Tito Ungkap Info di Balik Aksi 212, Ada yang Ingin Arahkan ke DPR

Siswanto, Bagus Santosa

Senin, 05 Desember 2016 | 15:03 WIB
Tito Ungkap Info di Balik Aksi 212, Ada yang Ingin Arahkan ke DPR
Kapolri Jenderal Tito Karnavian di Mabes Polri, Jalan Trunojoyo, Jakarta Selatan, Senin (21/11/2016). (suara.com/Agung Shandy Lesmana)

Suara.com - Di hadapan Komisi III DPR, hari ini, Kapolri Jenderal Tito Karnavian mengungkapkan usaha Polri untuk menjaga Ibu Kota Jakarta segala kemungkinan terkait aksi 2 Desember. Seperti diketahui, penyelenggara aksi tersebut semula ngotot untuk aksi di sepanjang Jalan Sudirman hingga Jalan M. H. Thamrin. Tetapi setelah dilakukan negosiasi, penyelenggara acara luluh dan mau memindahkan tempat aksi di dalam lapangan Monumen Nasional.

"Kami lakukan langkah yang cukup keras. Pertama, kami melarang kegiatan tersebut dan kita mengancam untuk membubarkan sesuai UU. Tapi logikanya kalau sudah berkumpul ribuan orang, membubarkannya akan sangat sulit. Bisa konflik, bentrok, emosi masa akan muncul dan akhirnya timbul korban," kata Tito.

Apalagi, menjelang 2 Desember, Tito mencium adanya gerakan dari kelompok ‎tertentu yang ingin memanfaatkan aksi damai dengan agenda politik yang lain.

"Saya sempat tanya, 'kegiatan 2 Desember ini dalam rangka tuntutan hukum atau ikut dalam upaya menduduki DPR dan agenda politik lain?'. Mereka bilang tidak. 'oke kalau begitu, jangan gunakan Jalan Sudirman-Thamrin'," kata Tito.

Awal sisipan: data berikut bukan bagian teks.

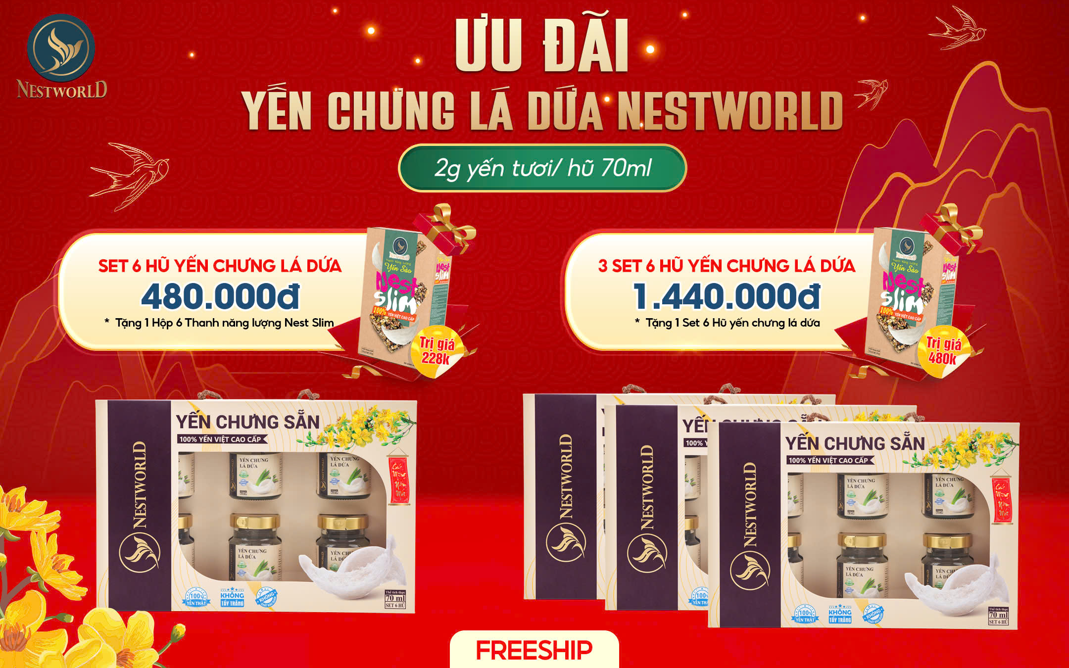 [2 Combo 6 Hộp] – Tổ Yến Sấy Nguyên Chất Ăn Liền Nestworld

Tito mengatakan bila aksi hari itu benar-benar digelar di Jalan Sudirman sampai Thamrin, barisan massa akan sampai kawasan Semanggi, Senayan, bahkan di depan gedung DPR dan MPR.

"Kalau begitu, ada trigger sedikit saja akan meledak sekali," tutur Tito.

Itu sebabnya, ketika itu Tito melarang aksi dilakukan di jalanan karena sudah pasti akan mengganggu ketertiban umum.

Penyelenggara aksi kemudian menanyakan kepada Tito mengenai lokasi mana yang tepat. Sebab, jika dilakukan di Masjid Istiqlal, tentu tidak akan bisa menampung massa yang datang dari berbagai daerah. Belum lagi, kalau dipaksakan di Istiqlal, peristiwa 4 November akan terulang, yaitu banyak orang yang terinjak-injak karena saking banyaknya jamaah.

"Jadi lebih baik di tempat yang terbuka, mereka sarankan. Dan akhirnya kita sepakati, tempatnya di Monas," kata dia.

Sampai akhirnya Tito menawarkan aksi di lapangan Monas. Selain tempatnya lega, juga lebih mudah diawasi untuk mencegah adanya kelompok politik yang ingin mengarahkan massa ke gedung DPR.

"Sehingga kita akomodir dan menekankan agenda ini adalah hanya untuk ibadah. Yaitu ibadah yang murni bukan seperti 4 November. Kalau 4 November, Salat Jumatnya digunakan untuk kumpul, selesai Salat baru bergerak orasi. Nah di sini kami minta settingnya murni ibadah," kata dia.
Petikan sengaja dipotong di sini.